Bahkan, banyak makanan yang datang secara tidak terduga.
Bahwa mereka memiliki cara untuk berterima kasih atas
segala sesuatu yang terjadi dalam hidup mereka. Mimpi yang saya impikan bukan hanya ilusi, tetapi Multan dan Nita
pergi berziarah ke Baitura (Mekkah), salah satu impian mereka, tetapi keduanya
terus berjalan tanpa diduga. Dan orang tua Bu Mitro juga datang.
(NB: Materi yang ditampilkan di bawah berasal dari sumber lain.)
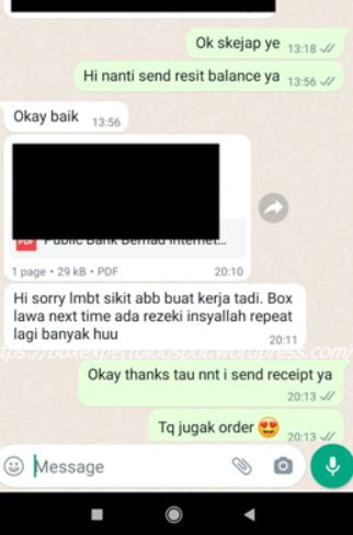 Alhamdulillah , sempat kami kongsikan feedback daripada satu lagi founder produk kecantikkan. “Box Lawa next time insyaAllah repeat order lagi banyak…”

Selain itu, pak Mitro dan istrinya sedang
mempertimbangkan untuk berinvestasi di hari tua, menyewa dan membeli rumah kecil yang masuk akal untuk masa pensiun, dan memiliki rumah dan mobil sendiri. Motto dan kata-kata motivasi dari keseharian pak mitro dan bu mitro yang penuh semangat adalah "Tetaplah berusaha dan berdoa selama kita
sehat". kata Pak Mitro. Allah SWT tidak mengubah nasib manusia, melainkan mengubah keadaan itu sendiri (Q.S. 13:11). Ini adalah garis hidup pak Mitro dan bu Mitro. Usaha dan doa harus selalu seimbang dalam hidup ini.